The Saskatchewan government said the province has not changed the rules for temporary layoffs during the pandemic.

"Businesses, like restaurants are still permitted to temporarily layoff their staff when needed and do not have to give notice or pay instead of notice during a public emergency," said Gladys Wasylenchuk, spokesperson for Labour Relations and Workplace Safety, in an email.

"This measure provides businesses, like restaurants, the opportunity to remain viable despite the negative impacts of COVID-19. Employees temporarily laid off are able to apply for employment insurance."

Wasylenchuk said businesses can get clarification on employment standards regulations by calling 1-800-667-1783.


Danielle DeGuire, a server in the Riversdale area in Saskatoon, said a lot of people working in hospitality feel like they're stuck between a rock and a hard place.

"It's been really tough out there, for both bosses and employees," DeGuire said.

She said she can't quit, because doing so would mean she wouldn't qualify for benefits.

"And yes, I totally know that my bosses can't just go ahead and close because that does put them in a really tough spot as well," she said. "They're trying to do what they can for us. They're trying to turn us into drivers for delivery and have phone shifts for us. But there's only so much of that to go around as well."

DeGuire said she is lucky to be getting shifts, but the sales aren't there and neither are the tips. Many of her friends that work in the hospitality industry haven't even been that fortunate.

"Some of my friends will show up to work and get sent home after an hour," she said. "How can you possibly make ends meet in that regard if you don't get the shift or the tips?"

With so many COVID-19 cases in the province, it's stressful whether you are busy or not, she said.

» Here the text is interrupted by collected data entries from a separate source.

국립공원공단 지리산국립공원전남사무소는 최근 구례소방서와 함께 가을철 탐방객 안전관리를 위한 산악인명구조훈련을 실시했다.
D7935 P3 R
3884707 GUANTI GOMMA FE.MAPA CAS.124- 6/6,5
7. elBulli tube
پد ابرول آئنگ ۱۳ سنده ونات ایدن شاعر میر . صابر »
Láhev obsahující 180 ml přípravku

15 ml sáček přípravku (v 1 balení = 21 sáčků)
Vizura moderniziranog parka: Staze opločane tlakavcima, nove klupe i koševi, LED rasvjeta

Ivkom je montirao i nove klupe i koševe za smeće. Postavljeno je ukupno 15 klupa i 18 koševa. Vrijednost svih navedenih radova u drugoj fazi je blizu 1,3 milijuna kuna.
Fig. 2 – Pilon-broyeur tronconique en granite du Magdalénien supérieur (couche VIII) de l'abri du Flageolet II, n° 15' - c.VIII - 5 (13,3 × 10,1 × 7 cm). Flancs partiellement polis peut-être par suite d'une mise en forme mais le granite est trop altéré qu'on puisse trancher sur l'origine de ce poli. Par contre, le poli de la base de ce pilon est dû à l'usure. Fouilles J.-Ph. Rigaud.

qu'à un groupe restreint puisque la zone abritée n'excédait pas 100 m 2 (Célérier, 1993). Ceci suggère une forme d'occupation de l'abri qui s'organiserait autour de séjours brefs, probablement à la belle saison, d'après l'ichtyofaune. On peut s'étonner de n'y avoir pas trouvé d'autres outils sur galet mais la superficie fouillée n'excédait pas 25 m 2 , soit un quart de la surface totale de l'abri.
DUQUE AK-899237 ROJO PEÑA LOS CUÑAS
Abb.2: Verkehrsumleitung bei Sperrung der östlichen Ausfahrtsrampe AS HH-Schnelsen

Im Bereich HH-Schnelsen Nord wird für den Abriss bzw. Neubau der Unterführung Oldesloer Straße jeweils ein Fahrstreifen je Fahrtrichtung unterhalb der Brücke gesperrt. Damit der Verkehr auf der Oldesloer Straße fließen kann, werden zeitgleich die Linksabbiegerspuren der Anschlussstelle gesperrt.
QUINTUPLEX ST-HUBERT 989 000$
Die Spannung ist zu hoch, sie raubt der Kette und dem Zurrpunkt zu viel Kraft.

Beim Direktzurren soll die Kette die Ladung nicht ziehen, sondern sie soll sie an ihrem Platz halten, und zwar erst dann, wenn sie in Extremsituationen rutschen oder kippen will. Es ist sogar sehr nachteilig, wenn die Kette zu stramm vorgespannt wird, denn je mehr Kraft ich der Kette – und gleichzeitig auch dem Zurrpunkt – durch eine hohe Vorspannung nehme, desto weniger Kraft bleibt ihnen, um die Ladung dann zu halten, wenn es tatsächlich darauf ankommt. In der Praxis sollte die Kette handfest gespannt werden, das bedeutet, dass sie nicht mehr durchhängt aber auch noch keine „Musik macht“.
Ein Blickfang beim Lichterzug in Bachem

When it is busy, "I'm so grateful for this evening to have made a little bit of money. But then I'm like, actually, it was really scary to work that shift."

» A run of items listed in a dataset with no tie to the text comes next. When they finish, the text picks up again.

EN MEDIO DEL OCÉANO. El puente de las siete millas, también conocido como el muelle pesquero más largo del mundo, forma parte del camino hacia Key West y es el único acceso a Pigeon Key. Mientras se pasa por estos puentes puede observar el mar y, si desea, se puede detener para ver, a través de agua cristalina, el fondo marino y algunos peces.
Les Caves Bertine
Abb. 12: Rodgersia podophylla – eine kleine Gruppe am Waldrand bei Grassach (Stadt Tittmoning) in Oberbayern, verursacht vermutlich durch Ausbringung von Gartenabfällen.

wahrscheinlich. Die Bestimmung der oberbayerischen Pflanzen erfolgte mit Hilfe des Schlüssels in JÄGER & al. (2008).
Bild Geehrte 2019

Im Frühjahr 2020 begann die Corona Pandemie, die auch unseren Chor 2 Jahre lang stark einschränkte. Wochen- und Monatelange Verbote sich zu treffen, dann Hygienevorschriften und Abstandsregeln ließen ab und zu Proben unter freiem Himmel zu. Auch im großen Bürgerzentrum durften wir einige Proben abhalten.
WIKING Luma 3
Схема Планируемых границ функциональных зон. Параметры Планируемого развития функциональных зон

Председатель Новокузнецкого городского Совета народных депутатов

DeGuire said she would probably be better off if the restaurant closed and she was able to get some guaranteed income from CERB.

"At least I would have this guaranteed income to know that my bills are paid every month. It wouldn't be that much money, that's for sure. But it be something that I can lean on, right?"

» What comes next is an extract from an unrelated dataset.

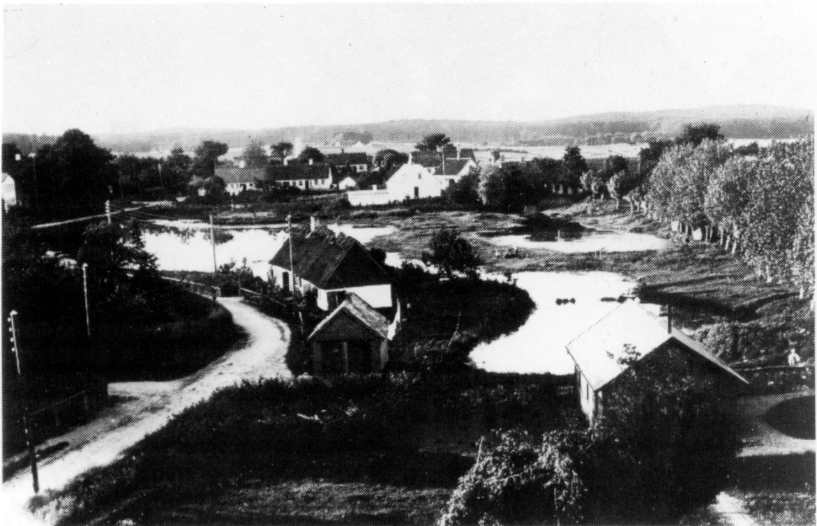
Blovstrøds "Grønholm" set fra kirketårnet i 1916.

Tilmelding til Arkivet senest den 24.april på tlf 42 27 08 91.
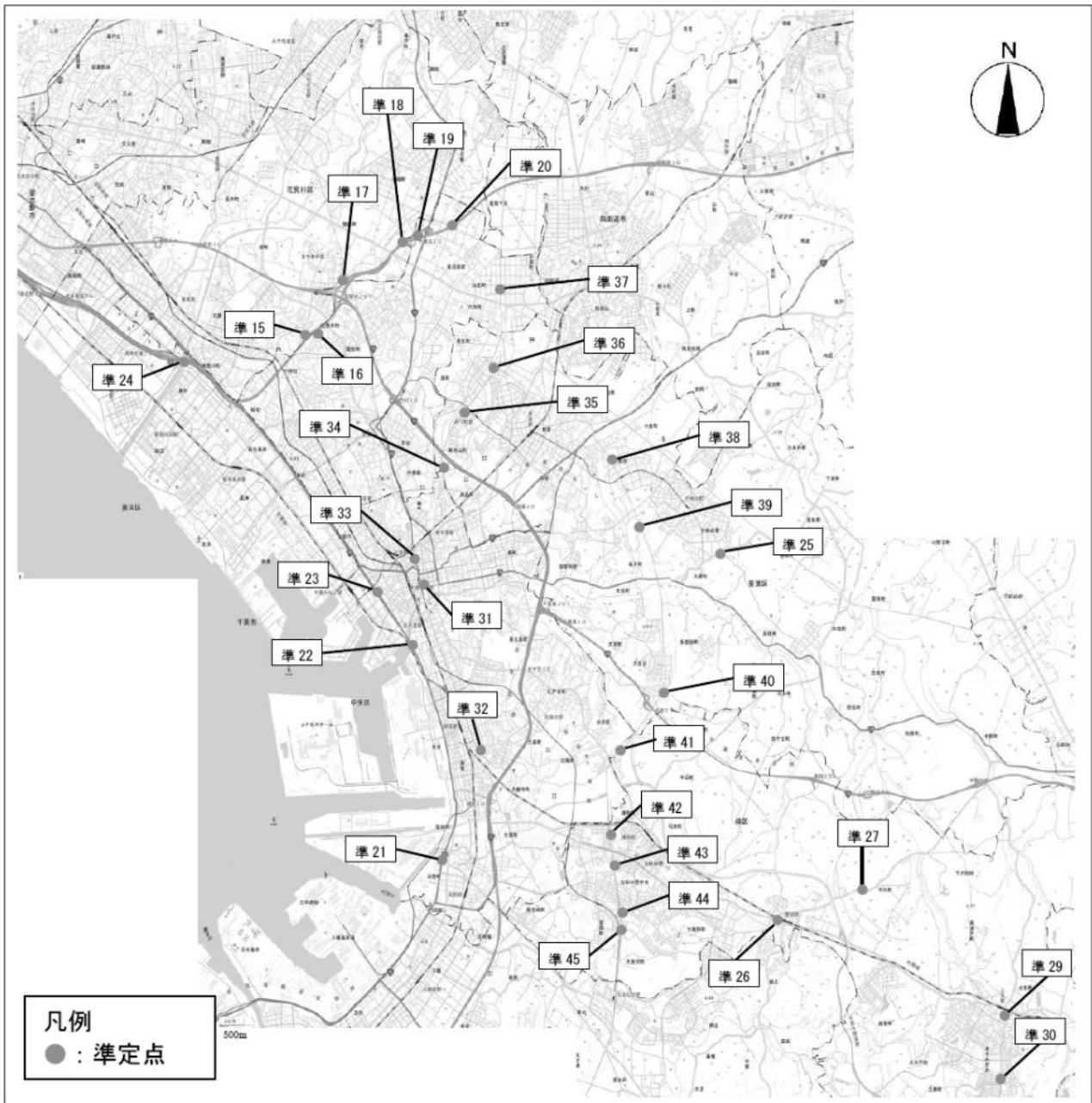
図2 自動車騒音常時監視 準定点調査地点（令和3年度）

Aleana Young, NDP MLA for Regina University, said it is "the worst of both worlds right now" for people working in the restaurant sector and other small businesses.

"[You] have to stay open, have to keep the lights on, but they're essentially operating at a loss," said Young, who owns a small retail business.

She said the government needs to hear from restaurant and other business owners to see what they need.

"The margins in operating a small business aren't massive to begin with," Young said.

"We can't pretend that the economy is open and flourishing if businesses are being forced due to circumstance, and due to, I think, really unclear in chaotic regulations and restrictions, to essentially operate at a loss. Twenty-five per cent isn't open. It's 75 per cent closed."

MacKay said it will be stressful for a lot of business owners and employees as December is usually their biggest month, followed by lean months in January and February.

He understands these are hard decisions, but points out other provinces have gone into broader shutdowns.

The province could put in targeted subsidies to help small businesses, he said.

"The provincial government can step up and not just wait for the federal government to do everything."

In the meantime, restaurants are trying to stay positive, and with vaccination underway, there is now a light at the end of the tunnel.

"I think the fact that people are staying home is a good testament of Saskatchewan people taking this seriously. And I think that's great," he said.

"But I think our government needs to step up and make some hard decisions.… The elections are over. So now it's time to grow a pair and actually do some work for the people."